Farm to School



The National Farm to School Network is a program that enables schools to supply local food for their students.  Farm to School believes that feeding students with local food can provide many benefits to a society.  First, it teaches students and community members about connections between food and where it comes from; beginning with the farmer and their environmental impact to grow food, to the nutritional importance of fresh food.  The next benefit with the Farm to School program is improving students’ nutrition by feeding them more fruits and vegetables.
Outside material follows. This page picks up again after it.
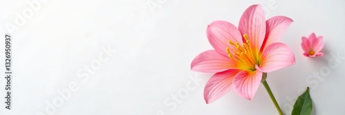 Naklejka premium Vibrant pink and yellow flower with delicate petals on a clean white...

This can reduce the occurrence of obesity, and help reduce hunger.  School can save money if farmers can plan on supplying food that is in season on a consistent basis.  It can create more jobs in a society, and adds new markets for farmers, ranchers, fishers, and processors.  Not to mention, keeping food local reduces the use of oil, reducing emissions of greenhouse gasses.

The program took a lot of time to be implemented.  It was first thought of in 1996, and the USDA supported the establishment of the program in 2000.  Many states began to organize schools and local farmers for the next 5 years, until in 2005 the first grant from Kellogg was given.  The website was then created, and the Farm to School Network blew up, and by 2008 over 2000 programs were established in 39 states.  By 2010, all 50 states had adopted a Farm to School program, and in 2011 the White House Task Force Report on Childhood Obesity recognized the Farm to School Network as a strategy for preventing obesity.

The Farm to School Network is a exciting new program designed to improve the health of schools and communities.  I feel that this is a much-needed change in our food system.  The jobs it can create, and the way it helps people seems almost to good to be true.  Hopefully it succeeds and continues to grow.